Monthly Tax Collections Have Fallen Short of State Expectations in Each of the Last Seven Months
February is generally the least significant month for state tax collection totals, but every month counts when revenues are down compared to a year ago and lag more than a quarter-billion dollars behind already-dimmed projections.
And the early signs of February collections, released Wednesday by the Department of Revenue, showed monthly collections lagging February 2023’s pace by $36 million or 3.7 percent through Feb. 15. The Healey administration’s benchmark for full-month collections is set at $2.018 billion, or $38 million more than what was collected in February 2023.
DOR says mid-month reports “should not be used to assess trends or project future revenues” since collections tend to be weighted more toward the end of the month.
“Neither individual nor business taxpayers are required to make estimated payments during the month,” DOR wrote, adding that the month typically produced 6 percent of the state’s annual tax revenue. “February is also the month in which refunds reach substantial levels as the tax filing season begins.”

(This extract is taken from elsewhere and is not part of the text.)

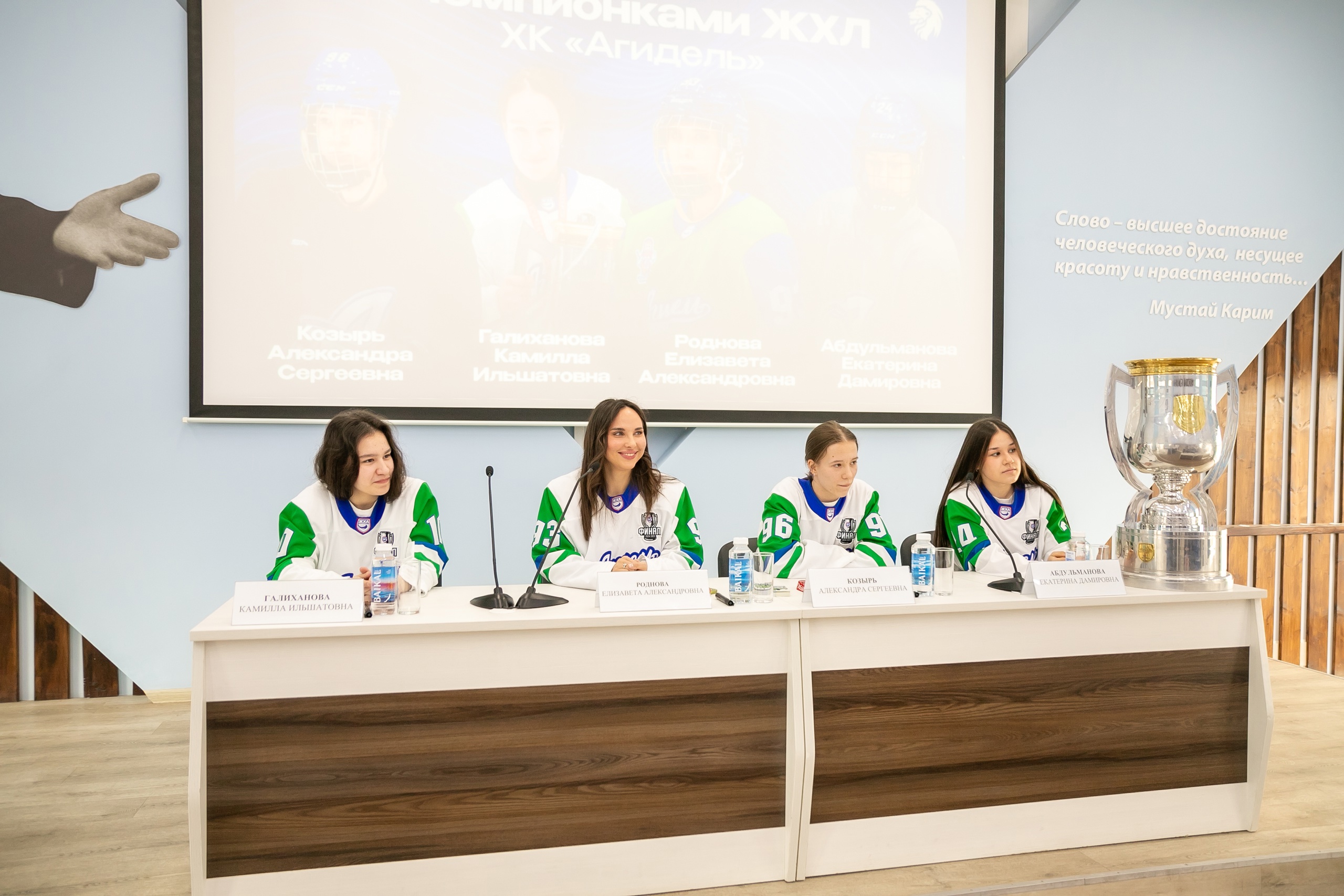 На встречу со студентами Башкирского педуниверситета девушки принесли кубок ЖХЛ и свои медали. Они подробно ответили на все вопросы студентов, рассказали о ходе тренировок и о спортивной жизни, о том, как начинали свой путь в спорте.
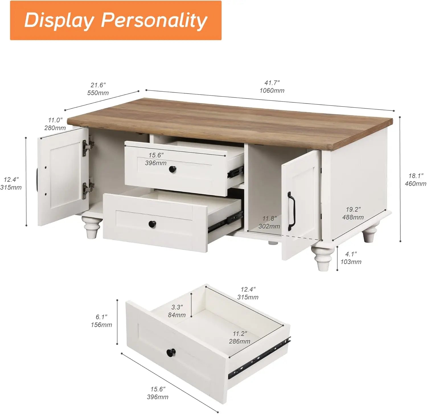 - 【Stable and Durable Structure】Made from thickened premium P2 MDF, the farmhouse coffee table offers long life span to you. Plus, gourd-shaped solid wood legs make sure the stability of the coffee table for living room. The rounded table edge prevents accidental bruises. Weight Capacity of Tabletop: 88 lbs. Weight Capacity of Drawer: 11 lbs.

Monthly tax collections have fallen short of state expectations in each of the last seven months and the widening gap led Gov. Maura Healey in January to markdown the year-end revenue estimate by $1 billion. Through January, collections of $21.460 billion were $212 million or 1 percent less than actual collections in the same period of fiscal 2023 and $263 million or 1.2 percent less than what the Healey administration projected in January that it would have hauled in by this point in the calendar.